[Work to be completed]: Below are lines of records; copy exactly those from the one containing "cry no more |" through the one containing "2010-2011 г.р.). Поздравляем!", leaving the pictures behind.

[Study material]:
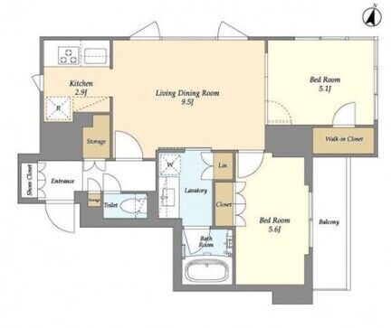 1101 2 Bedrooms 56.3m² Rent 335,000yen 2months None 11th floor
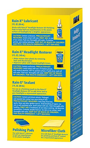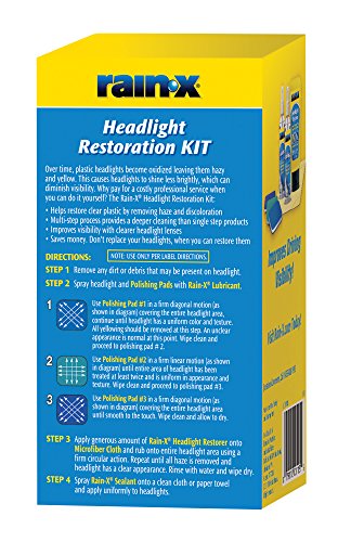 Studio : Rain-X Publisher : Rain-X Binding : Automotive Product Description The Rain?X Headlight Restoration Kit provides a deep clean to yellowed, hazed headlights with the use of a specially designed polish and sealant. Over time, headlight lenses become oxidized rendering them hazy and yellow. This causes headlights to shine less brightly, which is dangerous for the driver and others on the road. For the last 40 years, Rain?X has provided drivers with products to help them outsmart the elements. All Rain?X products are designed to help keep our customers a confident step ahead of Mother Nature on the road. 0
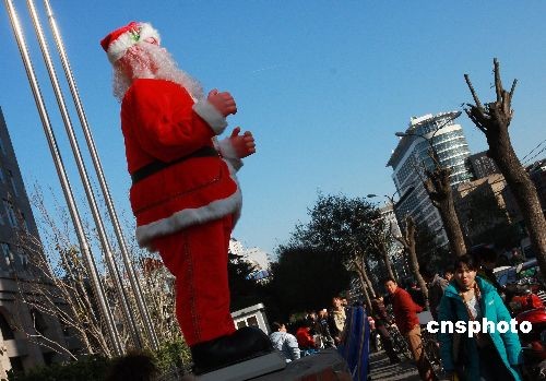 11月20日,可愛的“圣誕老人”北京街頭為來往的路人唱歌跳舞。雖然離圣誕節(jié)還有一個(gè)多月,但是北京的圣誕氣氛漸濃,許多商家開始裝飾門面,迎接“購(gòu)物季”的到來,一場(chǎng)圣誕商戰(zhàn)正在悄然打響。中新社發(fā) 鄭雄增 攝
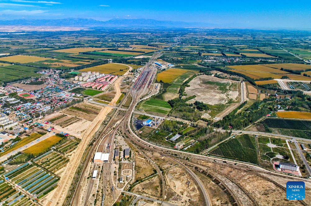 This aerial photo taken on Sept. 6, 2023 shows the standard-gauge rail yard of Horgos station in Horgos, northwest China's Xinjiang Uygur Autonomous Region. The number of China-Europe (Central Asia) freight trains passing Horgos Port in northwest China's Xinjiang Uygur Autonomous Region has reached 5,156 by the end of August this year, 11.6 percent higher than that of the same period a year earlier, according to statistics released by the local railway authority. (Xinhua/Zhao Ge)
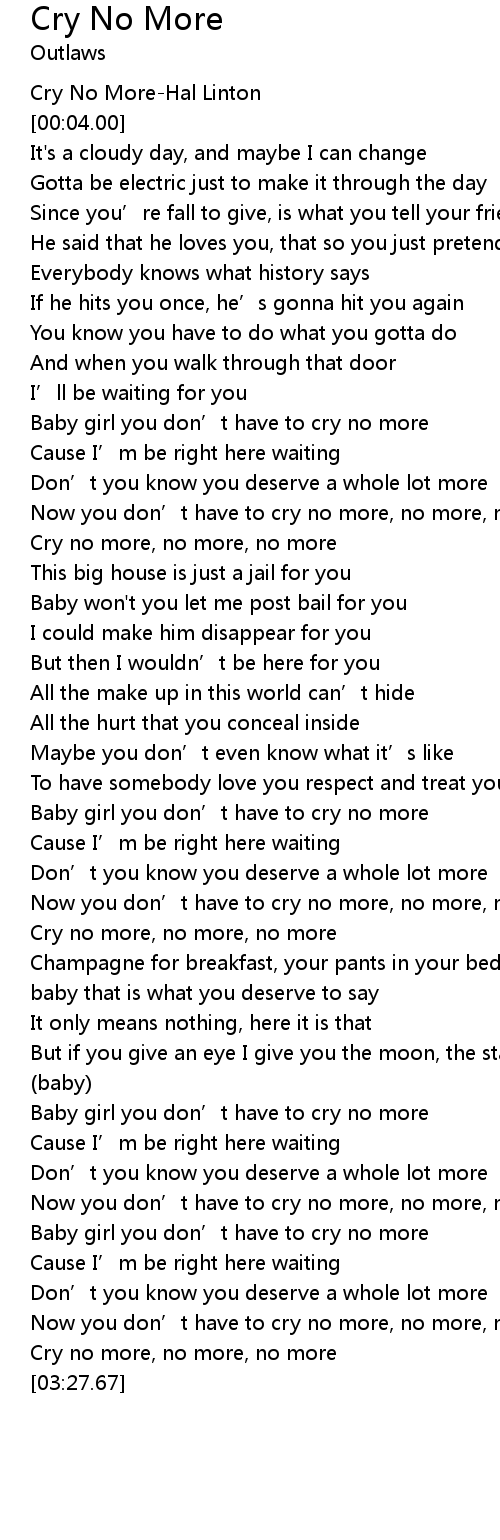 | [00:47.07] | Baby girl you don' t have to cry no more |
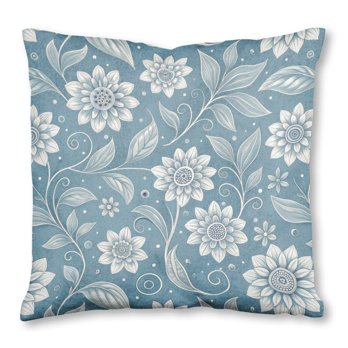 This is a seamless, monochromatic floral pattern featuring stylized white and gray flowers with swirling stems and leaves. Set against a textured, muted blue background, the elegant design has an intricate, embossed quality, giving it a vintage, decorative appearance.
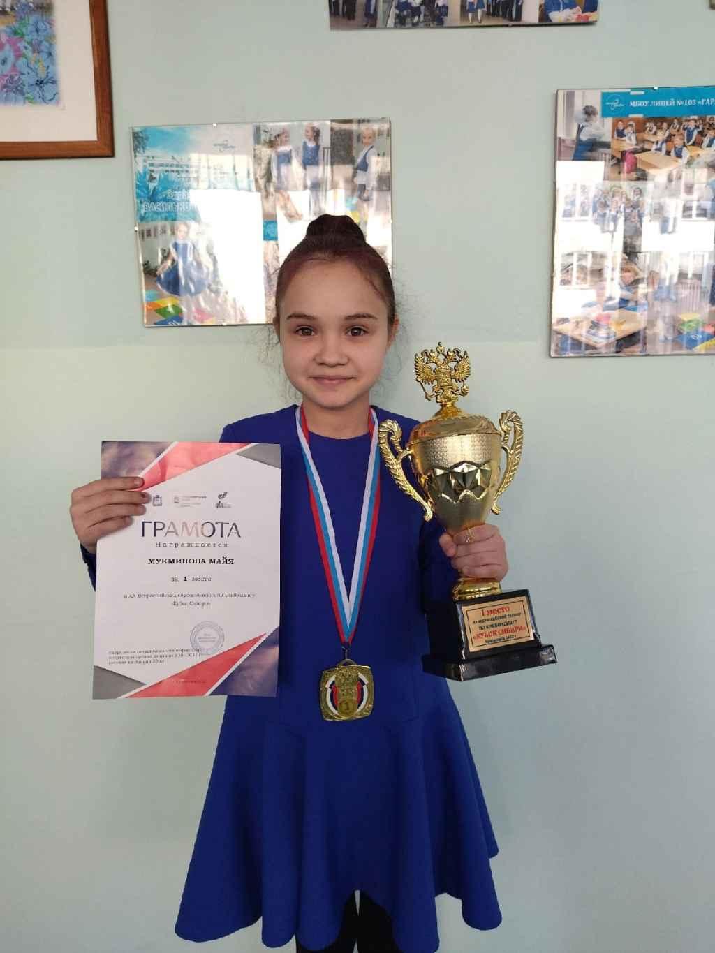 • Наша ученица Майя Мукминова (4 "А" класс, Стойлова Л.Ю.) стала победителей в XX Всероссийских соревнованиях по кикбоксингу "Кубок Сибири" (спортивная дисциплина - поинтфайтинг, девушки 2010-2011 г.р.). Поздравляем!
--
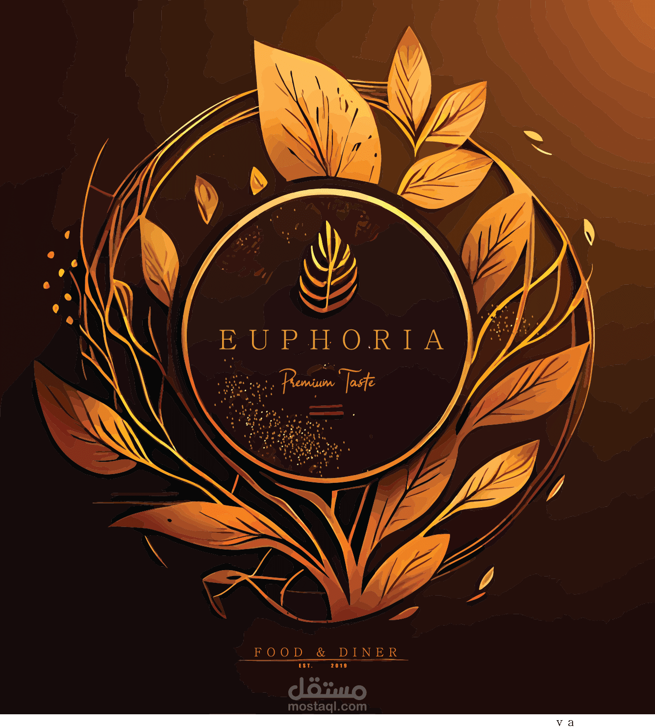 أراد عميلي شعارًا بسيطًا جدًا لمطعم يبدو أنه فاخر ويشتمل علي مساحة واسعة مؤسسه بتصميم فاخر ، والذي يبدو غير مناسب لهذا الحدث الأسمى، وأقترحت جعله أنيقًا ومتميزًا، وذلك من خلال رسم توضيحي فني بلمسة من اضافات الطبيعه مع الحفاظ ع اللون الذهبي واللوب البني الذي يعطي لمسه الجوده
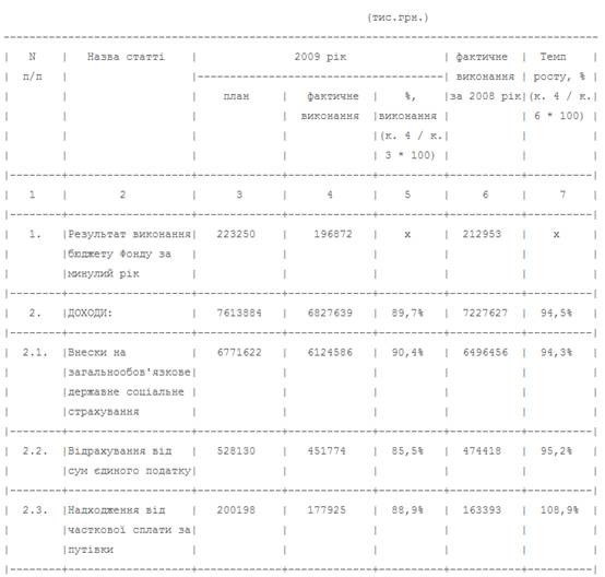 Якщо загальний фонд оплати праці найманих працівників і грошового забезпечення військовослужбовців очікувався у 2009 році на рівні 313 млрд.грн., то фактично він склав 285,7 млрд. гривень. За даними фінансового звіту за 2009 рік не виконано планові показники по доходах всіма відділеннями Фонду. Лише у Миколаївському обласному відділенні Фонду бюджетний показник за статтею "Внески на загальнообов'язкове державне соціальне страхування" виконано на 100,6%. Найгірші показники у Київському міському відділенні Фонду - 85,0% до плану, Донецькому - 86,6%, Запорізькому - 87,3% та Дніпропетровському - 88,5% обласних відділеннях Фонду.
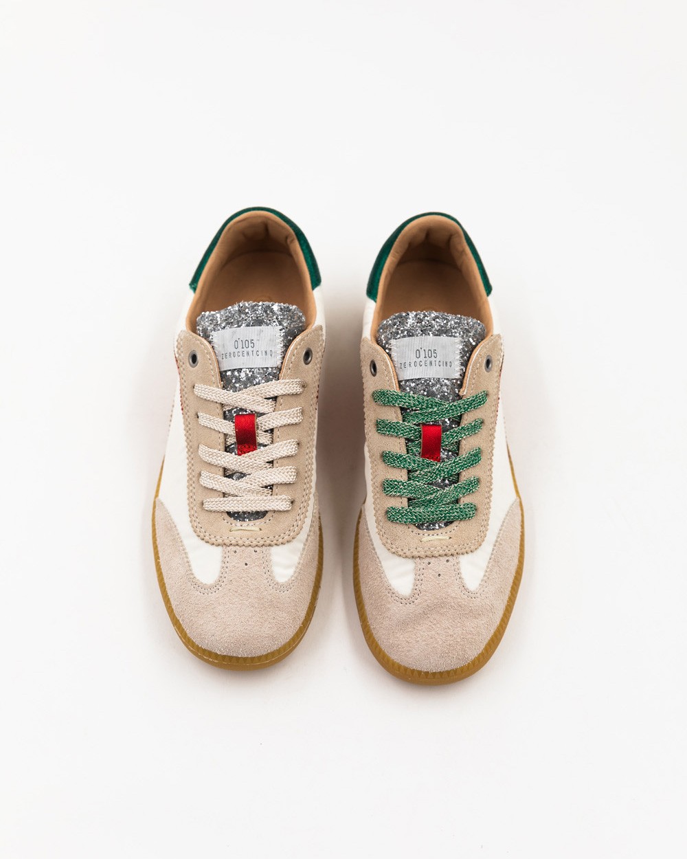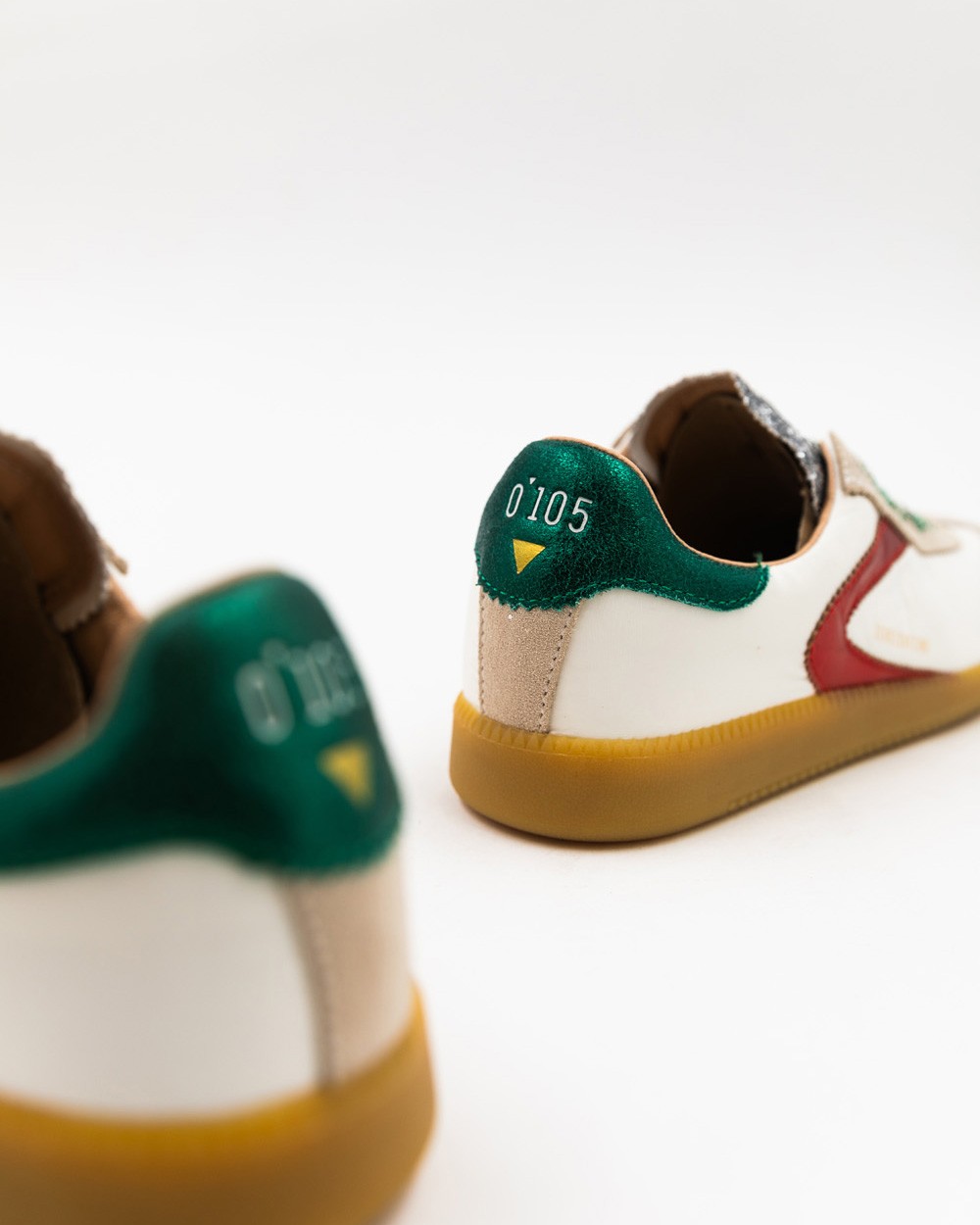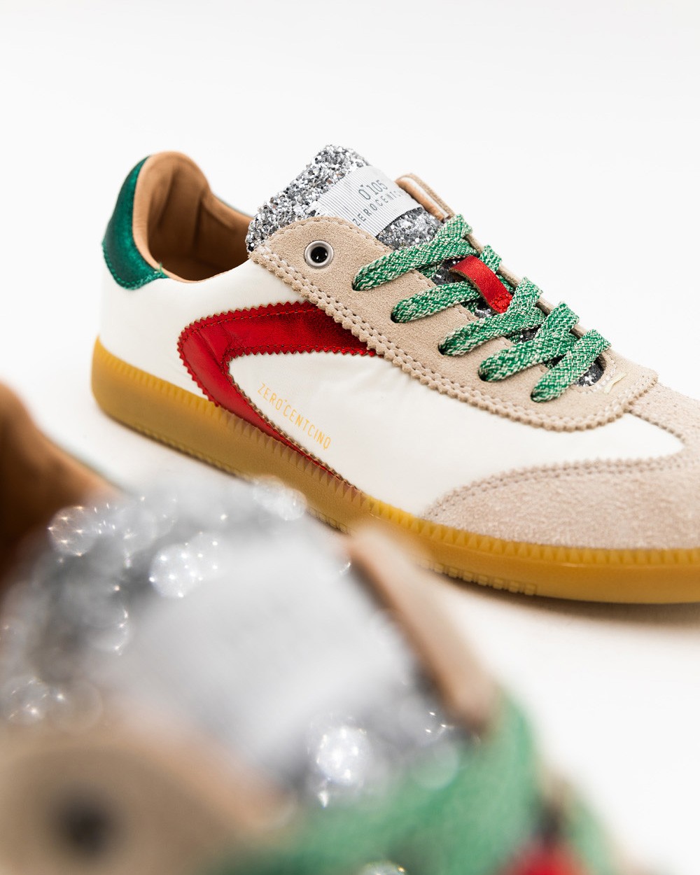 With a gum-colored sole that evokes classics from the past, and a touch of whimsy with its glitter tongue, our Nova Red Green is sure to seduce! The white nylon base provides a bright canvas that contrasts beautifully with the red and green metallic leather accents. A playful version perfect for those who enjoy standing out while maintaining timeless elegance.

[Reply]:
 | [00:47.07] | Baby girl you don' t have to cry no more |
 This is a seamless, monochromatic floral pattern featuring stylized white and gray flowers with swirling stems and leaves. Set against a textured, muted blue background, the elegant design has an intricate, embossed quality, giving it a vintage, decorative appearance.
 • Наша ученица Майя Мукминова (4 "А" класс, Стойлова Л.Ю.) стала победителей в XX Всероссийских соревнованиях по кикбоксингу "Кубок Сибири" (спортивная дисциплина - поинтфайтинг, девушки 2010-2011 г.р.). Поздравляем!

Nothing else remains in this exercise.